Our ai product launch playbook starts with a simple question: What is the specific task this product completes? If we cannot define the task in a single sentence, we don't build it. We avoid broad categories and focus on narrow, high-utility functions. This allows us to maintain a small team footprint while delivering products that feel substantial to the end user.
Step 1: Identify the Core Interaction
Every product in our portfolio begins with a core interaction. For an AI-native product, this is usually the prompt-to-output loop. We spend the majority of our initial development time refining this loop.
We look for friction points in existing workflows. If a user has to manually summarize ten articles to find a trend, that is a friction point. If a creator has to spend hours formatting a transcript for different platforms, that is a friction point. We build the product around solving that specific bottleneck.
We avoid the temptation to build a "platform" on day one. We build a tool. If the tool gains traction, it may eventually earn the right to become a platform, but starting with that ambition usually leads to bloated software and a confused user base.
Step 2: Shipping the Minimum Viable Utility
We do not believe in the traditional Minimum Viable Product (MVP) if it means shipping something that doesn't actually solve the problem. Instead, we ship Minimum Viable Utility.
In our ai product launch playbook, this means the interface might be sparse, and the feature set might be limited, but the core AI logic must be robust. We use a managed data layer and an orchestration layer to handle the heavy lifting, allowing us to focus on the user experience and the specific output quality.

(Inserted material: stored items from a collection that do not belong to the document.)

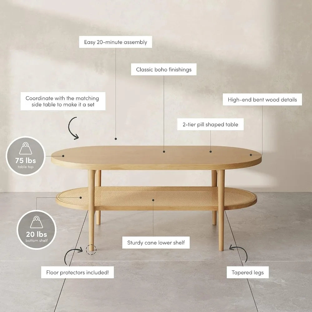 James Sonia Coffee Table with Storage Shelf, Light Wood/Rattan
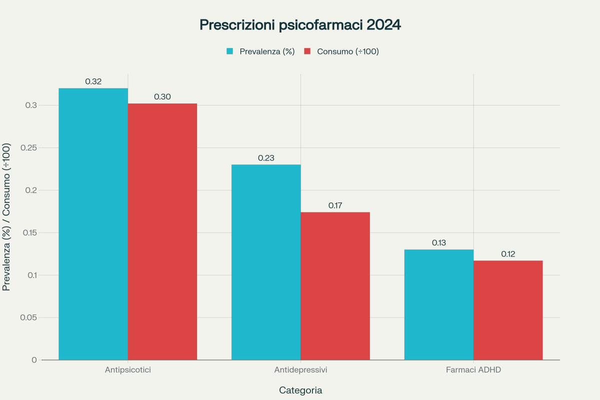 Circa 4,6 milioni di bambini e adolescenti in Italia hanno ricevuto almeno una prescrizione farmaceutica nel 2024, equivalente al 50,9% della popolazione pediatrica. Gli psicofarmaci rappresentano tuttavia solo l'1% del consumo totale di farmaci in età pediatrica, nonostante l'aumento registrato. Le categorie prevalenti rimangono gli anti-infettivi sistemici, i farmaci per l'apparato respiratorio e i preparati ormonali sistemici.
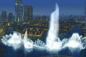 繼興建818米高的“迪拜塔”之后,阿聯(lián)酋地產(chǎn)巨頭艾瑪爾地產(chǎn)公司近日宣布,將在這座世界第一高樓附近打造一座世界最大噴泉。該噴泉高150米,長275米,相當于兩個足球場長,可以變幻1000種造型,耗資高達2.18億美元,將于2009年投入使用。一旦竣工,它將成為迪拜市又一地標性景觀,預計每年將吸引1000萬名國際游客。目前,艾瑪爾地產(chǎn)公司懸賞27225美元,為這座噴泉征集“靚名”。
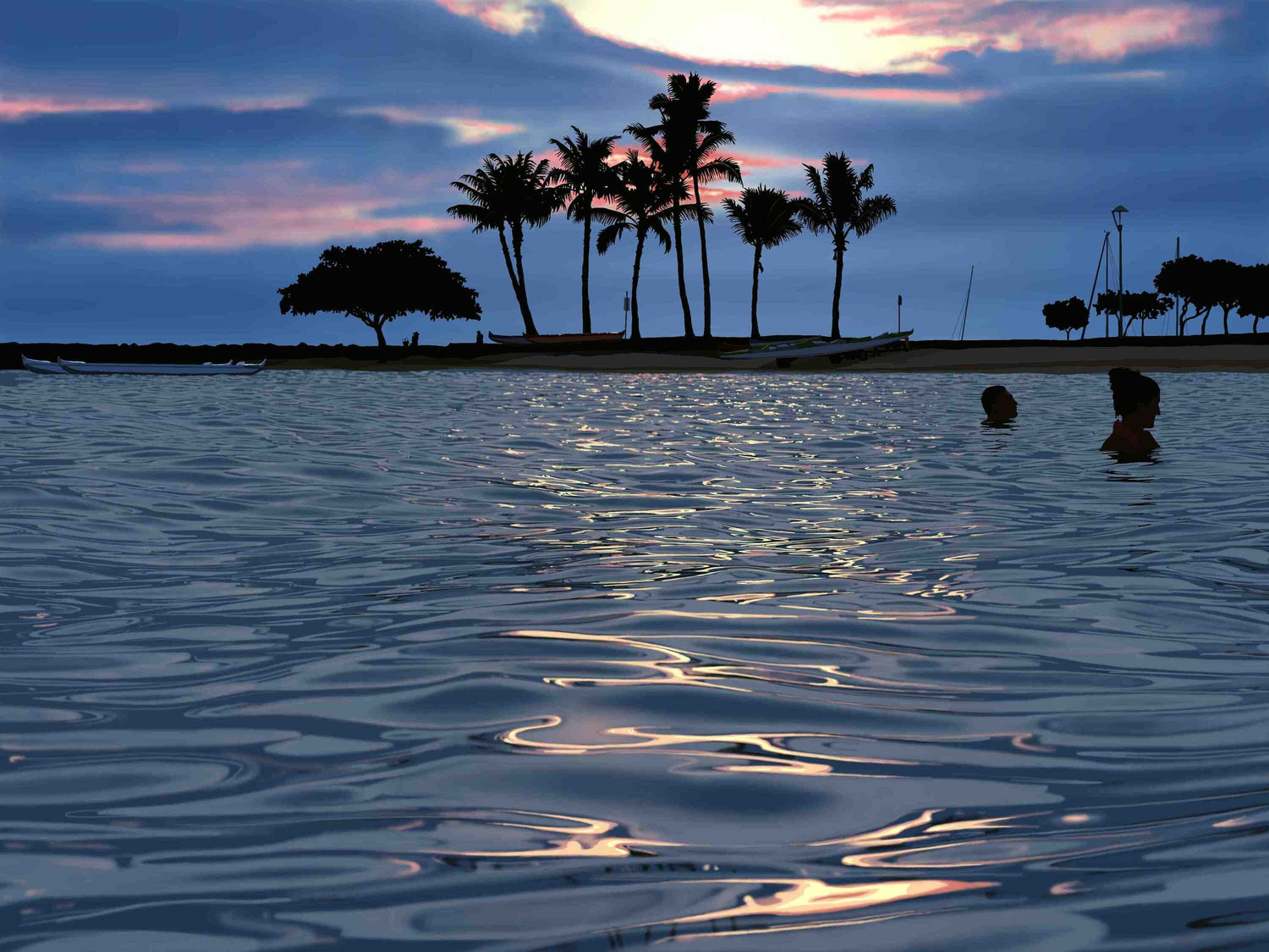 昼と夜の間に、何ともいえぬ静かで落ち着いた時間が流れています。波はなめらかにやさしく揺れ、空はひととき赤や紫に輝きながらも次第にモノトーンの世界へと入っていきます。

By using a generic relational database and serverless functions, we keep our overhead low. We don't need a complex architecture to test a hypothesis. We need a stable environment where we can ship a product update and see if it moves the needle on user retention.
Step 3: Building in Public for Feedback
Building in public is not just a marketing strategy for us; it is our primary research and development tool. When we are working on a new portfolio company, we share the progress early.

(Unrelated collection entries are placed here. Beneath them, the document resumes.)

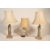 A pair of faux carved stone religious large table lamps, each with figural uprights complete with shades together with a Chinese bulbous moon flask table lamp in polychrome decoration. Measures 75 cm high.
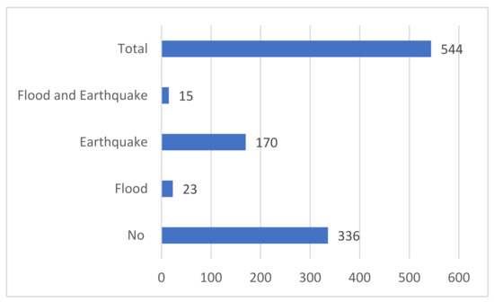 Regarding disaster experience, 31% of the participants confirmed that they had experienced earthquakes and 4% had experienced floods in Italy to ranging extents. In all, 3% of the participants stated that they experienced both disasters (
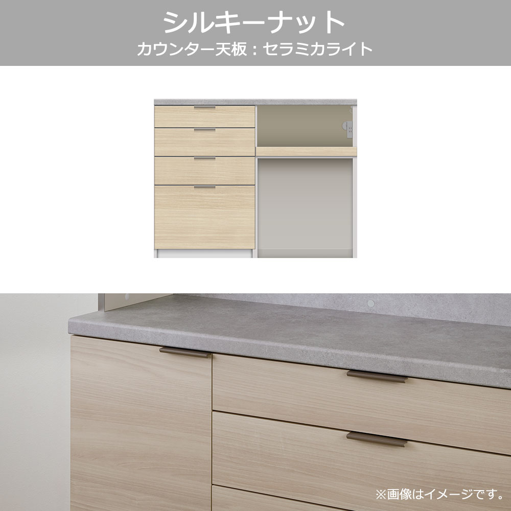 キッチン収納に必要な機能がまとまったハイカウンタータイプのキッチンカウンターです。家電収納下はストック品やダストボックスの収納に便利なオープンタイプです。※画像はイメージです。
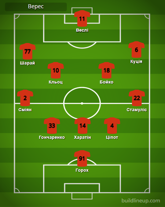 «Верес»: Горох – Сміян, Гончаренко, Харатін, Ціпот, Стамуліс – Шарай (Корнійчук, 88), Бойко, Кльоц (Кучеров, 37), Куція – Веслі (Стень, 69).
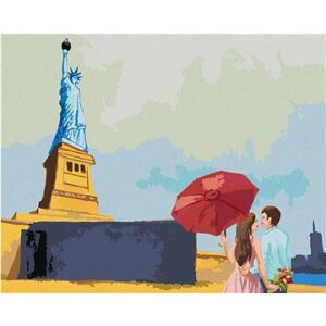 Socha Slobody a zamilovaný pár, 80 × 100 cm, plátno napnuté na rám
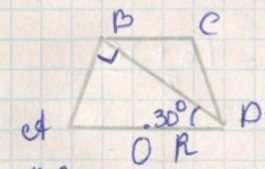 Рассмотрим равнобокую трапецию, у которой диагональ \(BD\) перпендикулярна боковой стороне и образует с основанием угол 30°. Трапеция описана около окружности с радиусом \(R\). Нужно найти площадь \(S\) этой трапеции.

We post about the logic we are using, the hurdles we are hitting with model latency, and the small wins we achieve during the build process. This attracts a specific type of early adopter—founders and operators who understand the trade-offs of early-stage software.
This transparency creates a feedback loop that is far more valuable than any private beta. When we ship this week, our users know exactly what changed because they saw us discussing the problem a few days prior. This builds a level of trust that is difficult to achieve through traditional marketing.
Avoiding the Wrapper Trap
A common critique of AI products is that they are merely "wrappers" around existing models. In our ai product launch playbook, we address this by focusing on the proprietary context we can provide to the model.
A wrapper provides a UI for a general model. A product provides a UI, specific context, and a refined workflow that makes the model's output significantly more useful for a specific task. We focus on the data ingestion and the post-processing of the output. That is where the long-term value of the portfolio company resides.
Managing Technical Constraints
As a small team, we cannot afford to manage complex infrastructure. We rely on managed services for our compute and storage needs. This allows us to remain focused on the product level rather than the infrastructure level.
We use a standard stack across the portfolio:
- A managed relational database for structured data.
- An orchestration layer for managing model calls and logic.
- A modern frontend framework for the user interface.
- A serverless environment for background tasks.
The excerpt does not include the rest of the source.